* [Exercise]
Repeat, word for word and with nothing added, each line from the one containing "Grosses Jass-Turnier im" to the final line of the data, keeping both ends. Pictures are not part of the copy.

[Data excerpts]
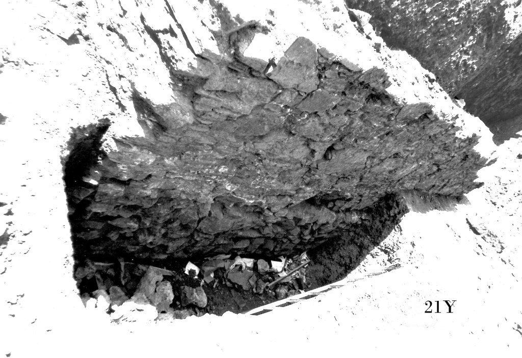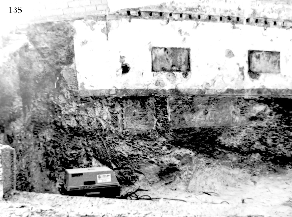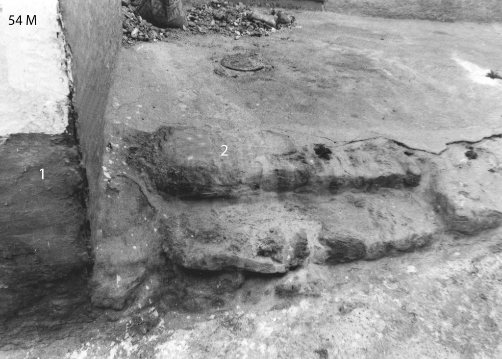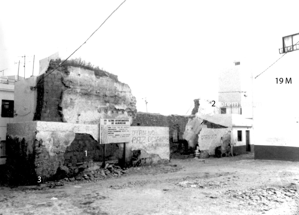Fot 1.- Esta imagen refleja uno de los momentos en que se realizaron excavaciones fuera del contexto de las practicadas en el terreno conocido como Puente del Noi. Y aparecen los mismos fenómenos que se han mostrado posteriormente en la excavaciones oficiales. El corte lateral muestra la linde con el terreno de nuestras excavaciones, donde, en otros momentos, se verán los materiales comunes de todo este recinto. La excavación se hizo con criterio aceptable a pesar de que el terreno no permitía cuadricular con exactitud las catas donde van a ir apareciendo la gran variedad de materiales comunes a todo este espacio.
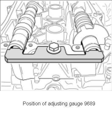 12. Using special tool adjusting gauge 9686, fix camshafts (if necessary with the gauge twisted) with an M8 screw (e.g. hexagon-head bolt M8 x 16). The flat tool face points upwards. Screw in fastening screw by hand.
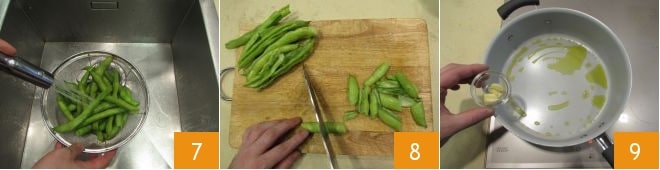 Pasados los 5 minutos, escurrid las cáscaras y enjuagadlas bajo agua fría para detener la cocción 7; escurridlas, ponedlas sobre una tabla de cortar y cortadlas en forma de rombos dividiendo las vainas en 3-4 piezas dependiendo de la longitud 8. Si preferís un aroma menos intenso de ajo, cortadlo por la mitad y quitadle el germen, luego vertedlo en una cacerola junto con el aceite dejándolo sazonar por un instante 9;
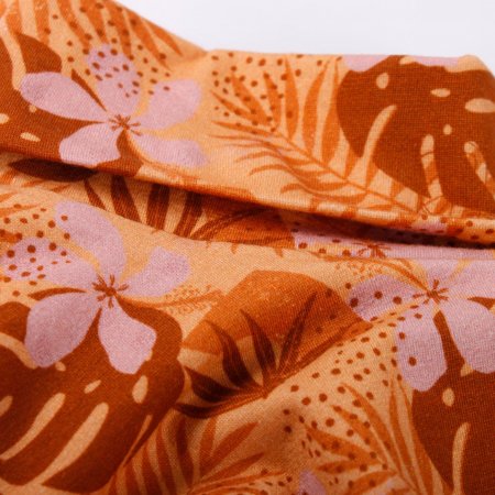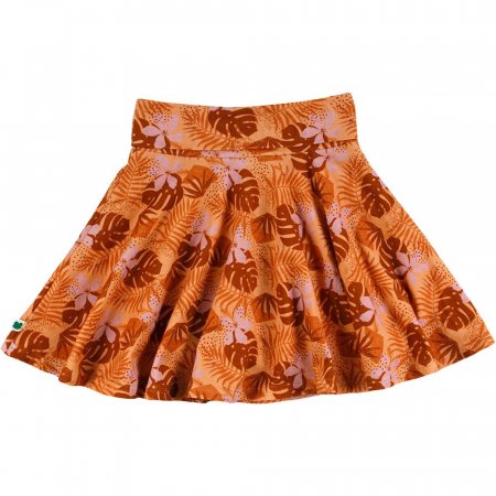Super sød og feminin nederdel med safari print af blade og blomster i brændte farver. Nederdelen har bred, foldbar elastisk talje og er fremstillet i en skøn strækbar bomuldskvalitet. Nederdelen har et flot fald og meget vidde, der gør den meget flot og speciel.
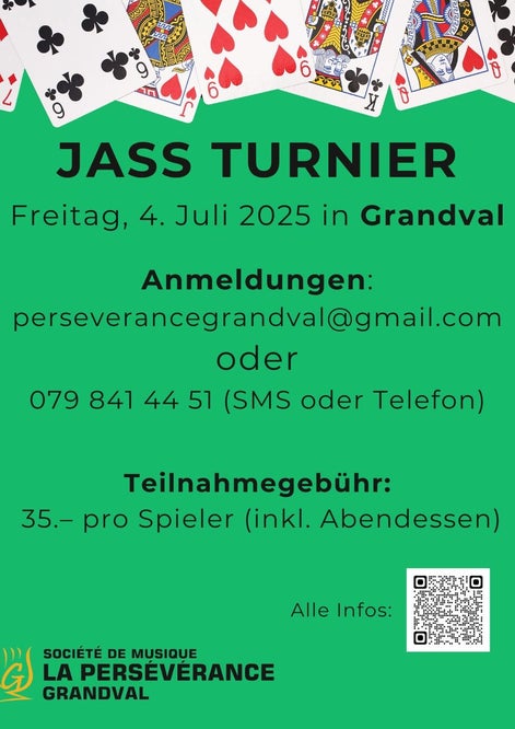 Grosses Jass-Turnier im Team – Freitag, 4. Juli 2025 in Grandval. Wunderschöner Gabentempel – jeder Teilnehmer erhält einen Preis. Die Anmeldung beinhaltet auch das Abendessen.
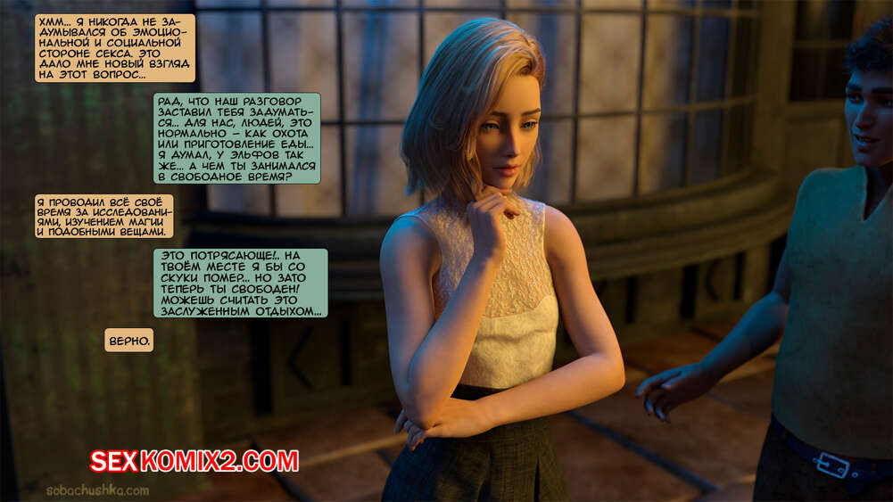 Порно комикс Мой соратник эльфийский принц. Часть 4. Kizaru3D Горячая брюнетка разделась перед парнем и уложила его на кровать. Она стала сосать большой хуй своего нового дружка, желая помочь ему расслабиться и обильно кончить.
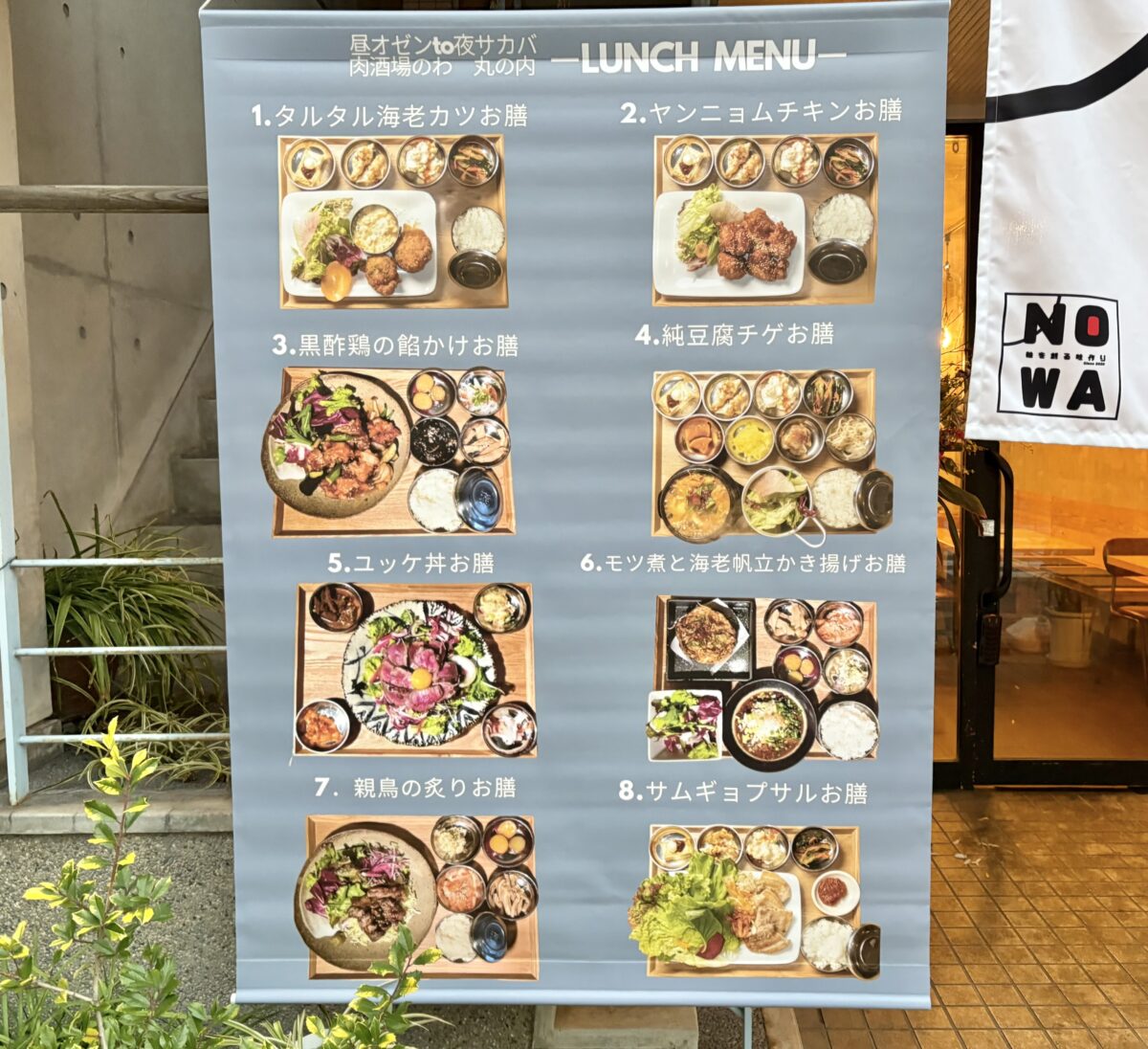 岡山県庁近くの「韓国鉄板NOWA」さんが「昼オゼンと夜サカバ NOWA」になっています。
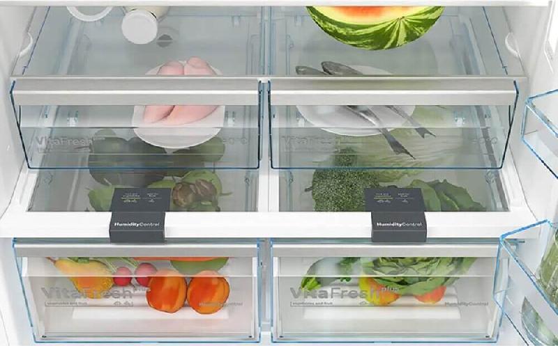 Система MultiAirflow обеспечивает равномерное распределение холодного воздуха по всему объему холодильника. В холодильнике предусмотрено несколько полок из высокопрочного стекла, включая выдвижные полки EasyAccess для удобного доступа к продуктам. Зона свежести VitaFresh plus позволяет сохранять продукты свежими в течение длительного времени. Морозильная камера оснащена двумя ящиками, включая большой ящик BigBox для замораживания крупногабаритных продуктов. Система NoFrost и автоматическая система размораживания обеспечивают удобство использования морозильной камеры. Холодильник обладает классом энергопотребления E (старое обозначение A++), что говорит о его высокой энергоэффективности. Уровень шума составляет всего 40 дБ, что позволяет установить холодильник даже в спальной комнате.

* [Solution]
 Grosses Jass-Turnier im Team – Freitag, 4. Juli 2025 in Grandval. Wunderschöner Gabentempel – jeder Teilnehmer erhält einen Preis. Die Anmeldung beinhaltet auch das Abendessen.
 Порно комикс Мой соратник эльфийский принц. Часть 4. Kizaru3D Горячая брюнетка разделась перед парнем и уложила его на кровать. Она стала сосать большой хуй своего нового дружка, желая помочь ему расслабиться и обильно кончить.
 岡山県庁近くの「韓国鉄板NOWA」さんが「昼オゼンと夜サカバ NOWA」になっています。
 Система MultiAirflow обеспечивает равномерное распределение холодного воздуха по всему объему холодильника. В холодильнике предусмотрено несколько полок из высокопрочного стекла, включая выдвижные полки EasyAccess для удобного доступа к продуктам. Зона свежести VitaFresh plus позволяет сохранять продукты свежими в течение длительного времени. Морозильная камера оснащена двумя ящиками, включая большой ящик BigBox для замораживания крупногабаритных продуктов. Система NoFrost и автоматическая система размораживания обеспечивают удобство использования морозильной камеры. Холодильник обладает классом энергопотребления E (старое обозначение A++), что говорит о его высокой энергоэффективности. Уровень шума составляет всего 40 дБ, что позволяет установить холодильник даже в спальной комнате.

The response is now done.